Около взвесил в сердце поучительные слова белого, но не увидел света.
— Все, чего я хочу, — наконец сказал он, — это возродить угасшую веру, веру в человека. Веру во что-то, — сказал он всей силой сердца, всей силой тени. — Мы утратили веру в то, к чему обращались в минуты горя, в минуты радости, — и что же у нас осталось? Ничего, пересохшее русло с мертвыми стволами и скелетами листьев. А когда ты задаешь людям вопрос, они боятся, что буря придет и сметет те хорошенькие домики, что они построили без фундамента.

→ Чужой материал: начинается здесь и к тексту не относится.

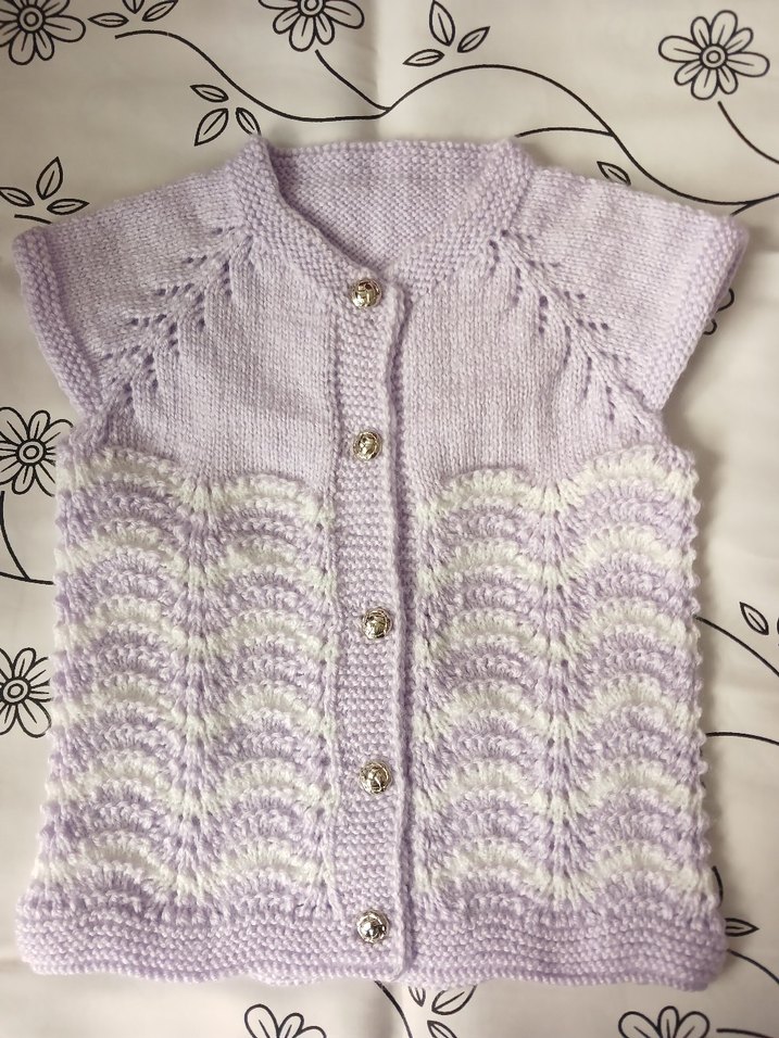 Yeni örüldü taptaze yelek Kolsuz, lila renkli kız çocuk hırkası, bohem tarzında, örgü dokulu ve dalgalı desenlere sahip, önü düğmeli.

Около говорил и говорил, изливая свое сердце, и остановился, лишь когда исчерпал его. Остановившись, он огляделся. Он посмотрел сюда. Никого. Он посмотрел туда. Никого. Он был один. Белый ушел. Около хотел выйти, но дверь была заперта. И он сел на скамью, стоявшую вдоль одной из непроницаемых стен, и стал ждать, разговаривая со своим сердцем и обдумывая пословицу иджо, своего народа, которая гласит: «Если возьмешь птицу с небес и изжаришь ее на глазах у курицы, у курицы будет болеть голова». Сердце его задавало много вопросов. Оно складывало веру с пустотой, неверие с пустотой. У человека нет больше тени, у деревьев нет больше тени. Все на свете утратило смысл, кроме убивающей тени троицы — золота, железа, бетона… И тогда он спросил свое сердце, по какой дороге идти сейчас — вернуться домой, если это возможно, или покорно отправиться в сумасшедший дом.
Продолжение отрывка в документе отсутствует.